» WHAT YOU HAVE TO DO:
Make an exact copy of the listing below. Pictures stay out of it.

» COLLECTED MATERIAL:
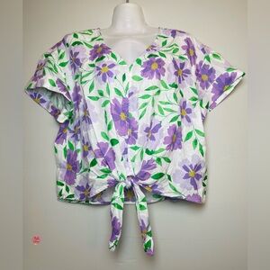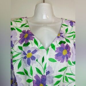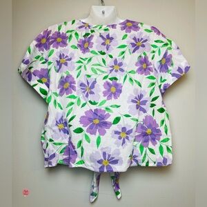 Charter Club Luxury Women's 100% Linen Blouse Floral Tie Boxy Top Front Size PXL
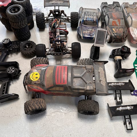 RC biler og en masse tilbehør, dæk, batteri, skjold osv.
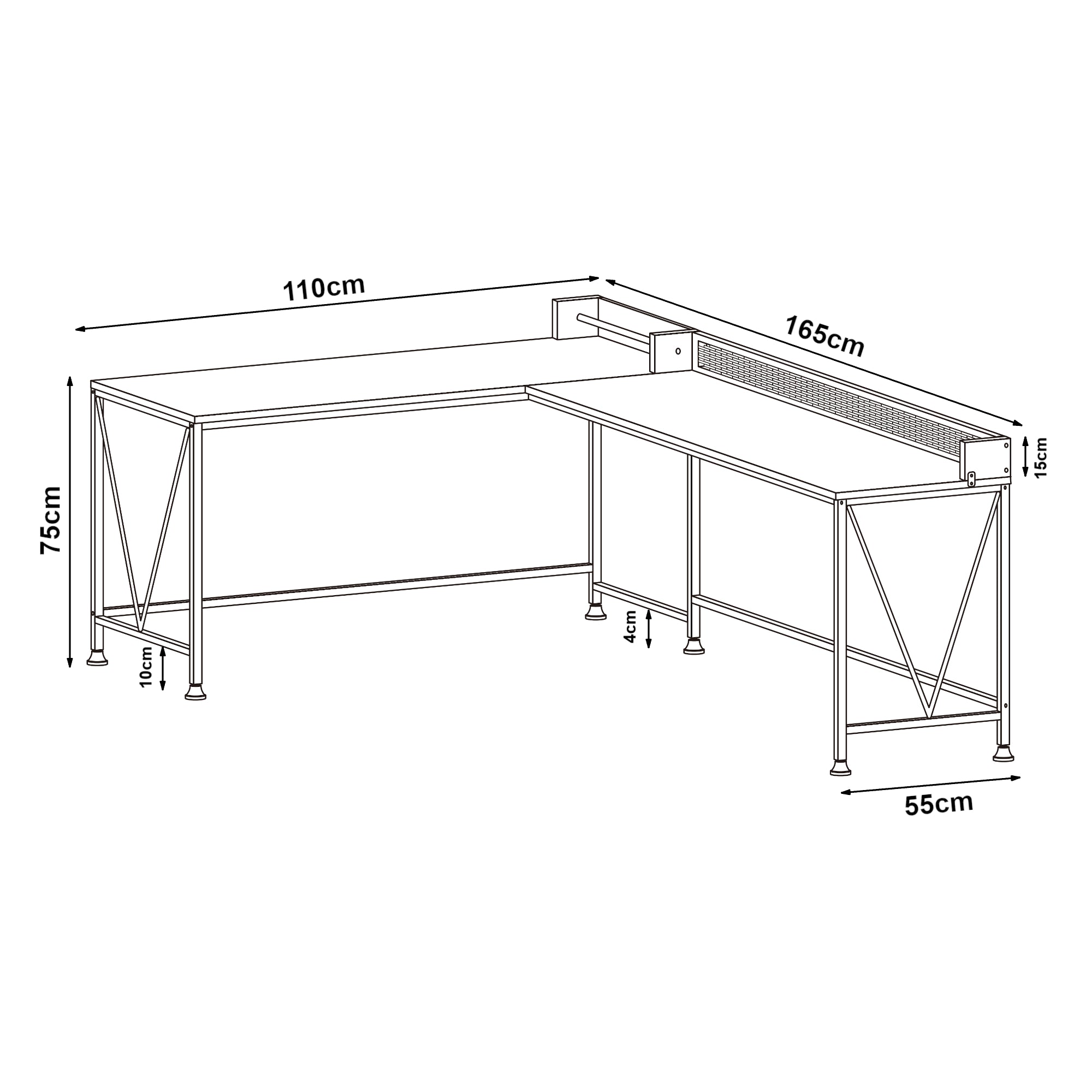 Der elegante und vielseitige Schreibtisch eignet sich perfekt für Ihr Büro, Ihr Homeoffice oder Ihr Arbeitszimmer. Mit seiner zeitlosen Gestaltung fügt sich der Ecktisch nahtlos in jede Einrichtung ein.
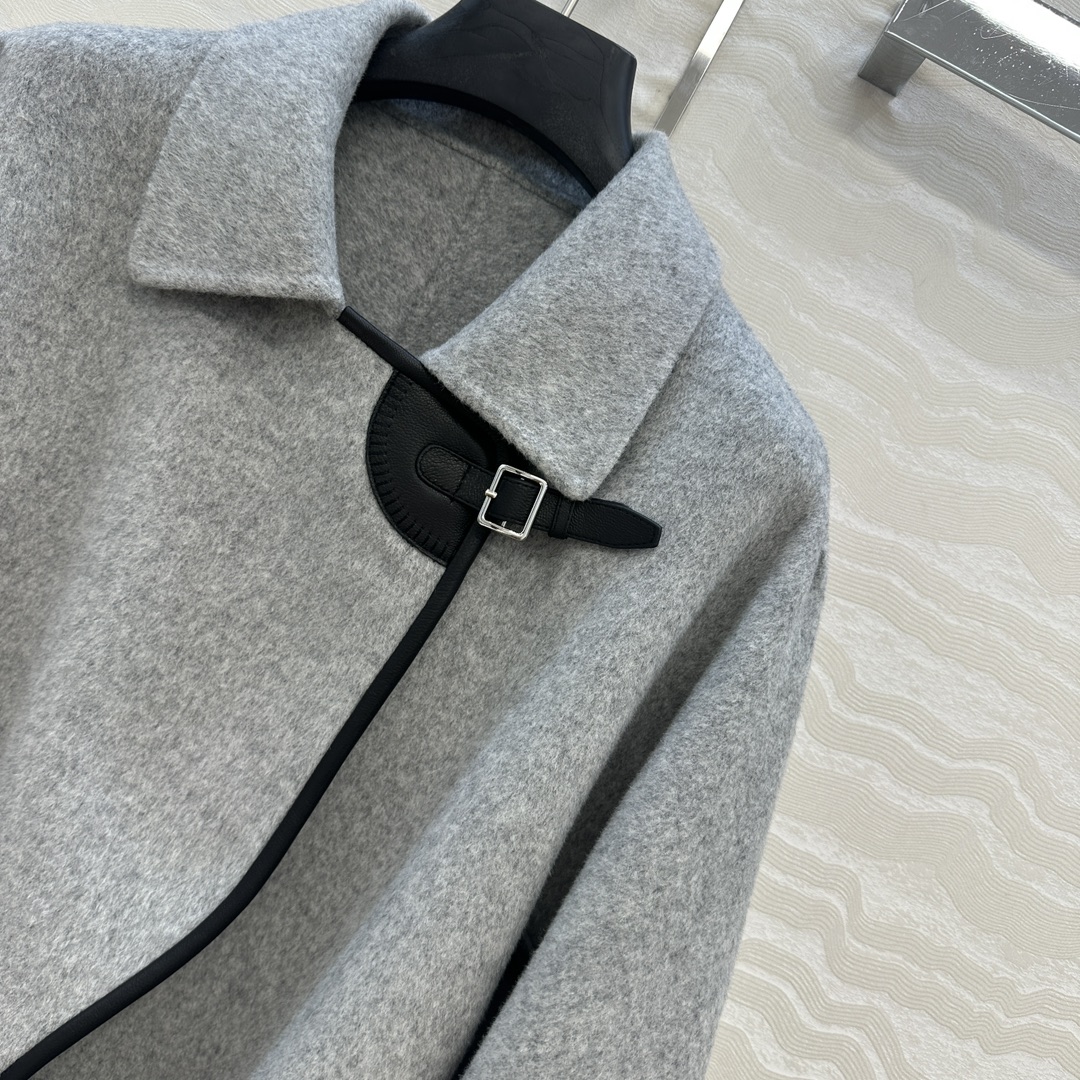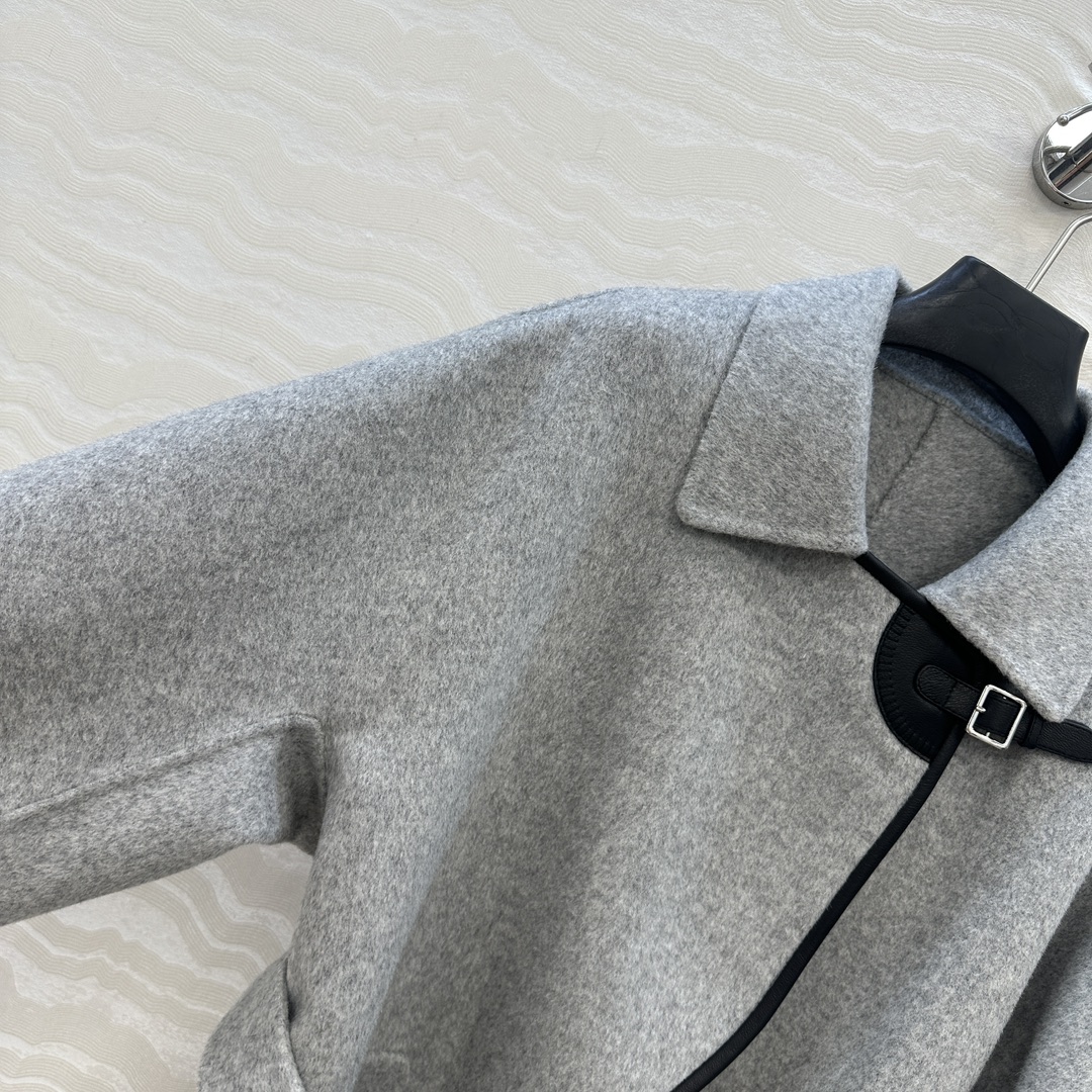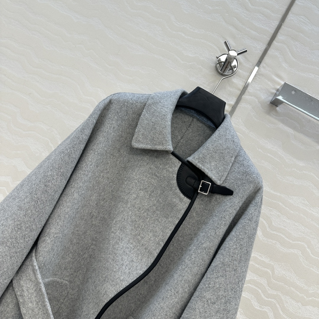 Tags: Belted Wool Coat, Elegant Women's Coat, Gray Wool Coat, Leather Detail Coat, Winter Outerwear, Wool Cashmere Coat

» RESPONSE AREA:
 Charter Club Luxury Women's 100% Linen Blouse Floral Tie Boxy Top Front Size PXL
 RC biler og en masse tilbehør, dæk, batteri, skjold osv.
 Der elegante und vielseitige Schreibtisch eignet sich perfekt für Ihr Büro, Ihr Homeoffice oder Ihr Arbeitszimmer. Mit seiner zeitlosen Gestaltung fügt sich der Ecktisch nahtlos in jede Einrichtung ein.
 Tags: Belted Wool Coat, Elegant Women's Coat, Gray Wool Coat, Leather Detail Coat, Winter Outerwear, Wool Cashmere Coat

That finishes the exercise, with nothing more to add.